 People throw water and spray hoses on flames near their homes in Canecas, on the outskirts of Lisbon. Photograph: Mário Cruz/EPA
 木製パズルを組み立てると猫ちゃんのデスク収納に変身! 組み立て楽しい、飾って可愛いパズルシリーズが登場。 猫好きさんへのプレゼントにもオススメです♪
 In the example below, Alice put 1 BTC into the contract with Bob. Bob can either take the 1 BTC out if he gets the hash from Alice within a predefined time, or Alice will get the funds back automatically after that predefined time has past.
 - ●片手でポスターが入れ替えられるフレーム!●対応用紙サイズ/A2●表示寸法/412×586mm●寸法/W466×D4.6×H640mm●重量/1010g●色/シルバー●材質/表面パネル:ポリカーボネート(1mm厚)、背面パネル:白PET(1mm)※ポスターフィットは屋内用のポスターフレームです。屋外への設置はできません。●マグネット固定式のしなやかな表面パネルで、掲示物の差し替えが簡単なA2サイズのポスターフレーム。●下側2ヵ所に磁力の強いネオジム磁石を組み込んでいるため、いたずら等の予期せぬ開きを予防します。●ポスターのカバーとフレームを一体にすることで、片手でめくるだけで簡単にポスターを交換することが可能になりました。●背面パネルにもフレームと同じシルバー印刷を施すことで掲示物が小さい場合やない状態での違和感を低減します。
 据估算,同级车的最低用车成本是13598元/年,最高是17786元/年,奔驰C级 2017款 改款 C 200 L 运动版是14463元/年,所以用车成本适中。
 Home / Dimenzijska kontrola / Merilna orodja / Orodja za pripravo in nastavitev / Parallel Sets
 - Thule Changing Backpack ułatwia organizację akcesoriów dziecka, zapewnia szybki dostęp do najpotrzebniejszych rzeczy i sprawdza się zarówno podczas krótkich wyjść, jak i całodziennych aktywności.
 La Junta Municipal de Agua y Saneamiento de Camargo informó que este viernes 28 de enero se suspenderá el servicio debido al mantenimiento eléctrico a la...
* * *
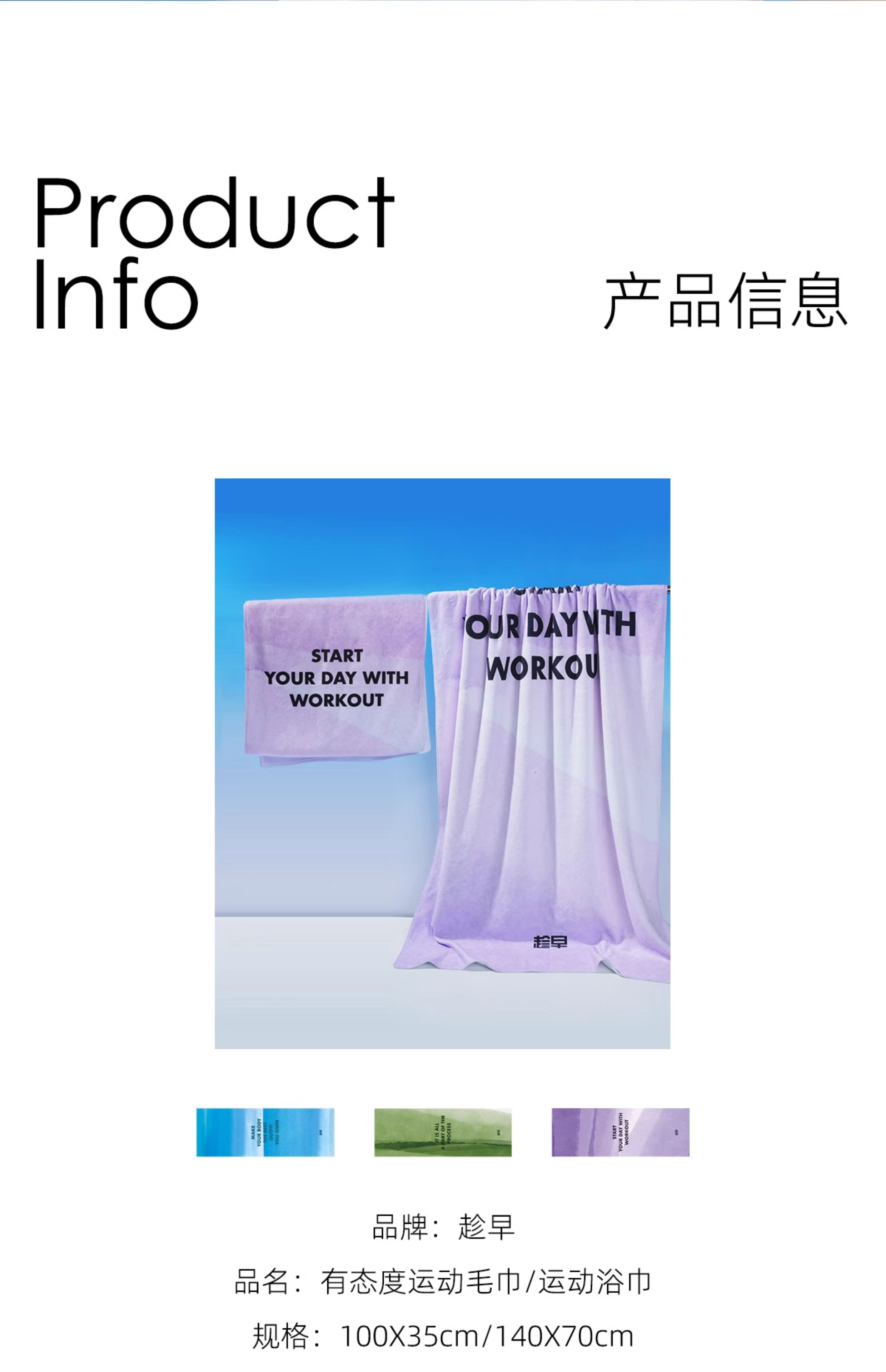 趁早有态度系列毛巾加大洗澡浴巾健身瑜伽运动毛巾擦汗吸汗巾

Directions for this task: The range runs from the line with "Home / Dimenzijska" up to and including the line with "La Junta Municipal" in the listing above; please write out exactly those lines and nothing more.

Result below:
 Home / Dimenzijska kontrola / Merilna orodja / Orodja za pripravo in nastavitev / Parallel Sets
 - Thule Changing Backpack ułatwia organizację akcesoriów dziecka, zapewnia szybki dostęp do najpotrzebniejszych rzeczy i sprawdza się zarówno podczas krótkich wyjść, jak i całodziennych aktywności.
 La Junta Municipal de Agua y Saneamiento de Camargo informó que este viernes 28 de enero se suspenderá el servicio debido al mantenimiento eléctrico a la...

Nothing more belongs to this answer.